Member of the Wisconsin State Assembly from the 99th district
- In office September 22, 1989 – January 6, 2003
- Preceded by: Margaret Farrow
- Succeeded by: Michael A. Lehman

Personal details
- Born: May 24, 1930 St. Louis, Missouri
- Died: October 25, 2008 (aged 78) Egypt
- Party: Republican
- Spouse: Lois Elaine Thurwachter Urban (1954-1991) Kathryn Bloomberg (1993-2008)
- Children: James, Barbara, Michael, Mark, David, Bruce and John (all with Lois)
- Education: University of Wisconsin–Madison

= Frank Urban =

American politician

Frank Henry "Hank" Urban (May 24, 1930 – October 25, 2008) was a member of the Republican Party who served in the Wisconsin State Assembly from 1989 to 2001.

==Biography==
He was a resident of Brookfield, Wisconsin and was married to Lois Elaine Thurwachter Urban, with whom he had seven children. The two were married for 37 years until her death in 1991 from complications of Alzheimer's disease. Soon after that, he married again.

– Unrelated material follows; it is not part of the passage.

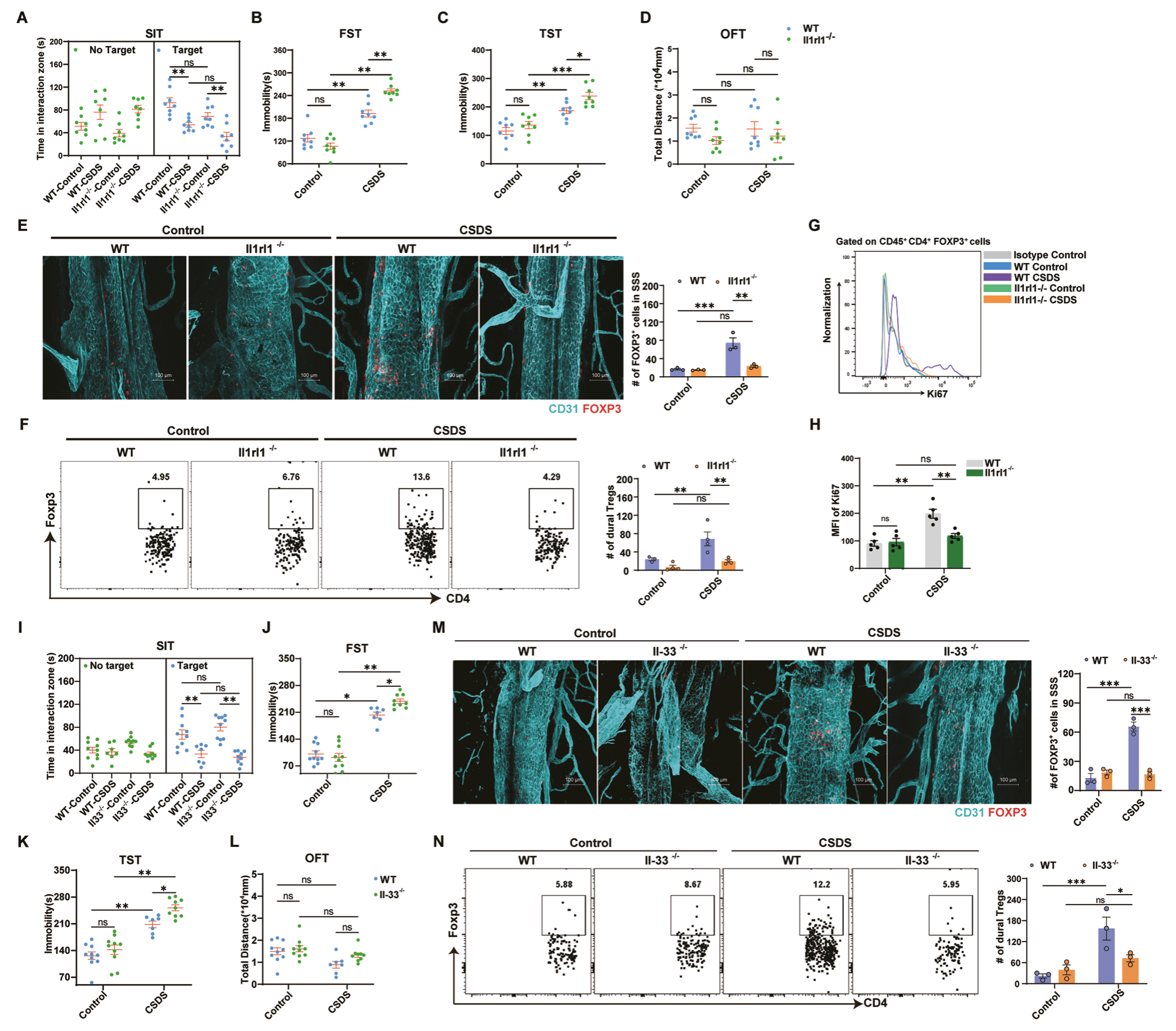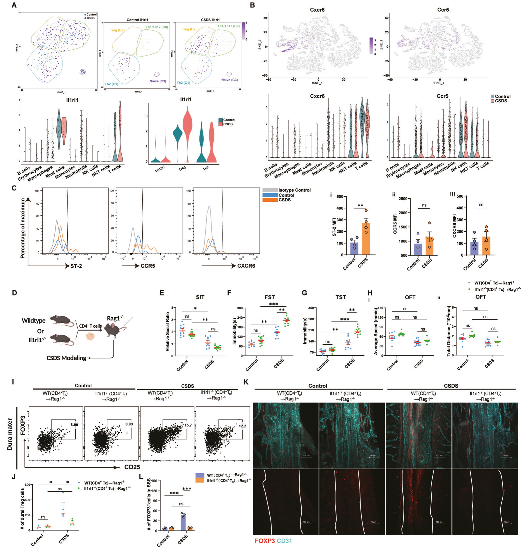 SMART-seq數(shù)據(jù)顯示CSDS小鼠硬腦膜“IL33結(jié)合”以及其他內(nèi)源性分子結(jié)合信號(hào)通路表達(dá)上調(diào);與脾臟相比,CSDS小鼠硬腦膜中表達(dá)ST2的細(xì)胞比例顯著高于脾臟;硬腦膜Treg富集趨化性通路。scRNA-seq數(shù)據(jù)也顯示CSDS小鼠模型中T淋巴細(xì)胞聚群高表達(dá)ST2編碼基因,且表達(dá)水平高于對(duì)照組小鼠的T淋巴細(xì)胞;CSDS小鼠模型硬腦膜Treg高表達(dá)ST2編碼基因。隨后,研究者將WT小鼠和Il1rl1-/-小鼠硬腦膜Treg細(xì)胞轉(zhuǎn)移到Rag1-/-小鼠并構(gòu)建CSDS模型,行為學(xué)等實(shí)驗(yàn)結(jié)果證實(shí),ST2表達(dá)是硬腦膜Treg招募和擴(kuò)張所必須的。IL33-/-小鼠相關(guān)實(shí)驗(yàn)也支持了IL33/ST2信號(hào)在抑郁期間促進(jìn)硬腦膜Treg增殖。

His second wife was Kate Bloomberg, a former Brookfield mayor and co-inventor of Shrinky Dinks, who he remained with until his death in 2008.

Urban was born in St. Louis, Missouri, graduated from the University of Wisconsin–Madison in 1951, and received his M.D. from the University of Wisconsin–Madison in 1954, specializing in dermatology. He served in the U.S. Army from 1954 to 1957, and was a veteran of the Korean War.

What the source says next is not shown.